Now in its 17th season, Survivor – the first highly-rated reality series, considered the mother of American reality shows – might be worried about its own survival. This year’s premiere was the lowest rated in the series’ history. Airing on Thursday, September 25th, the episode introduced the castaways to the West Central African nation of Gabon. In 2004, ratings spiked as over 33 million viewers tuned in for the premiere of Survivor: All-Stars. Since then the show has bled 20 million viewers and seems desperately in need of a shakeup … or at least some controversy. For airing frontal male nudity, CBS’s Survivor: Gabon (Thursday, 8:00 p.m.) has been named Worst TV Show of the Week.
The peepshow aired in the second half of the two-hour premiere, when a male contestant ran across the field during an immunity/reward challenge -- unaware that his “exiled member” had briefly been liberated from his boxers. Though the shot was quick, it was clearly visible. And in the age of HD, digital video recorders, and high-speed internet, it quickly became immortalized as an unending slow-motion loop on numerous blogs.
CBS responded to the FCC complaints filed by the PTC by asserting that the incident was unintentional and “fleeting.” But for a show famous for what some viewers have dubbed “gratuitous blurring” of anything remotely objectionable – too much breast, a tuft of pubic hair, a curious bulge – it is hard to believe that this was unintentional. In fact, it appears to be part of a pattern.
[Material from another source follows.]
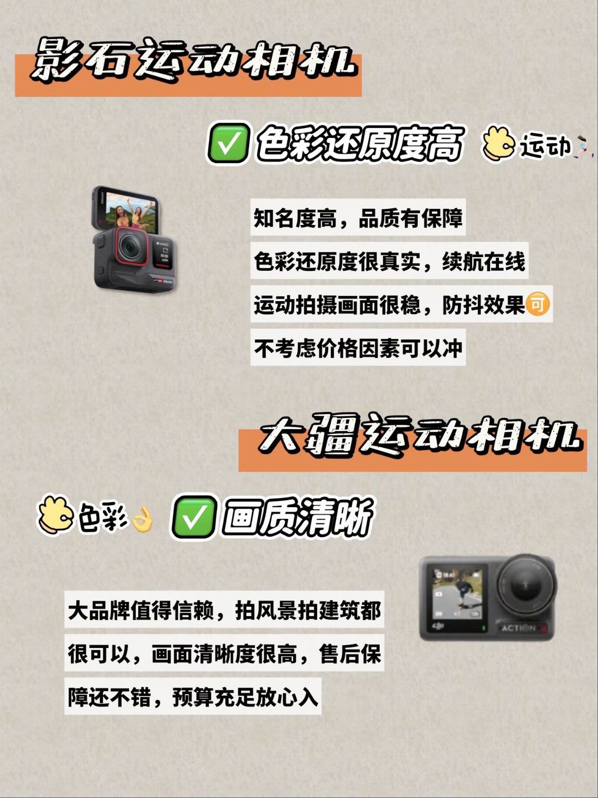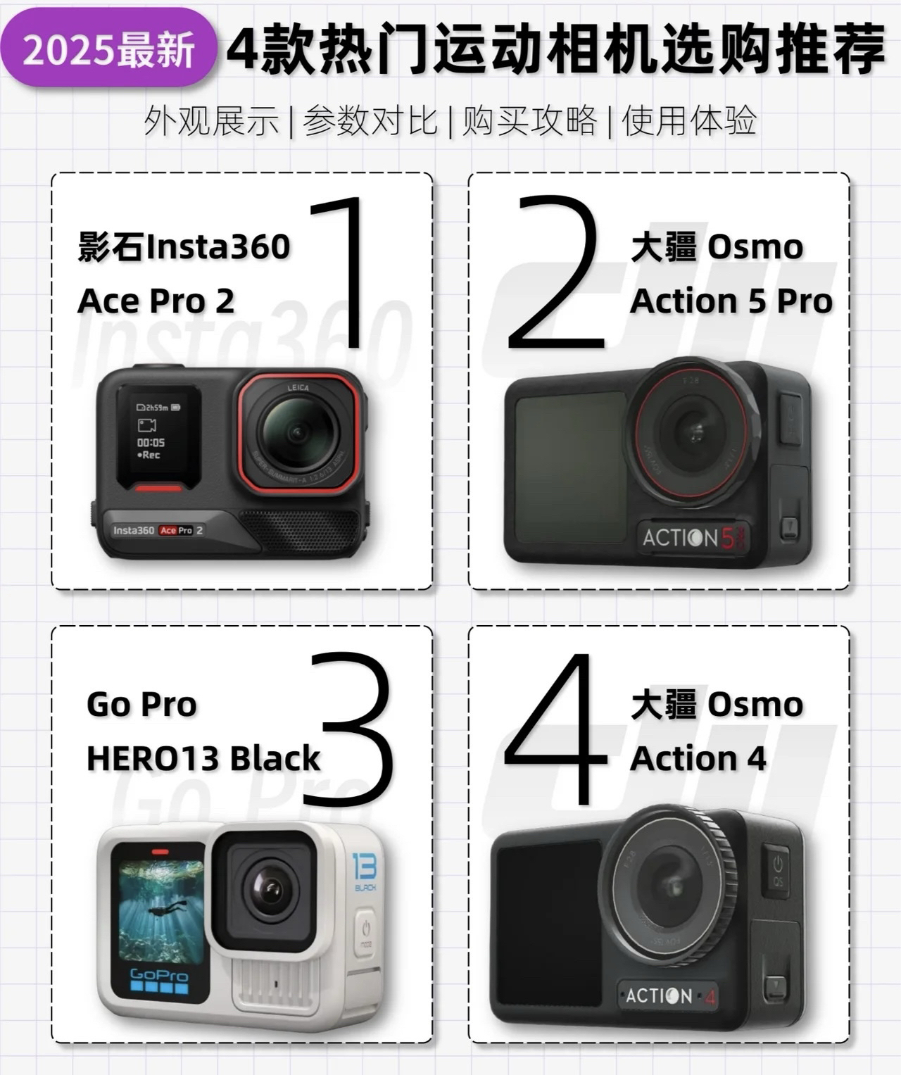 本篇笔记关联了DJl/大疆 Osmo Action 4 运动相机 超清画质 裸机防水 前后双触摸彩屏 录像防抖 长续航拍摄 标准套装、Insta360/影石 Ace Pro 运动相机 4K AI智能防抖 2.4英寸翻转屏 磁吸快拆 全景 防水 影像 超广角 夜拍 高清画质 隐藏 智能摄像 黑色标准套装、山狗 G10 高清 录音运动相机 防抖 第一视角 标准套餐等商品,为用户提供真实的使用体验和购买参考。

Since the 2nd U.S. Circuit Court of Appeals overturned the FCC’s ruling against CBS for airing Janet Jackson’s infamous wardrobe malfunction, the network has been slyly testing the limits of fleeting obscenities. In August of this year, CBS dropped an uncensored F-bomb during an episode of Big Brother 10 (surprise, surprise -- another sagging reality show). It is interesting to note that no such uncensored incidents have occurred on other networks.
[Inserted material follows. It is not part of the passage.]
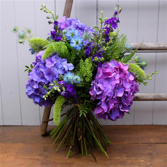 Love in the mist, Thlaspi, Larkspur, Hydrangeas and seasonal foliage combine to make a wonderful hand tie.
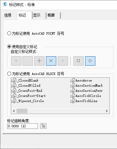 可以将标记样式设置为使用 AutoCAD 点、自定义标记符号或块。

CBS has since pulled the offending Survivor clip from of its website and has blurred the image in the full online version of the episode. But in the short-term this cynical ploy had generated much buzz. By the following morning, the man’s ***** was the fourth-most-popular search according to Google’s “Hot Trends.”
If this trend continues, who knows what stunts CBS will pull whenever it needs to gin up interest in its shows? Perhaps someone ought to inform CBS that viewers generally do not want to watch broadcast television if they must constantly worry about genitals flopping across their screens.
For airing uncensored male nudity, CBS has been named Worst TV Show of the Week.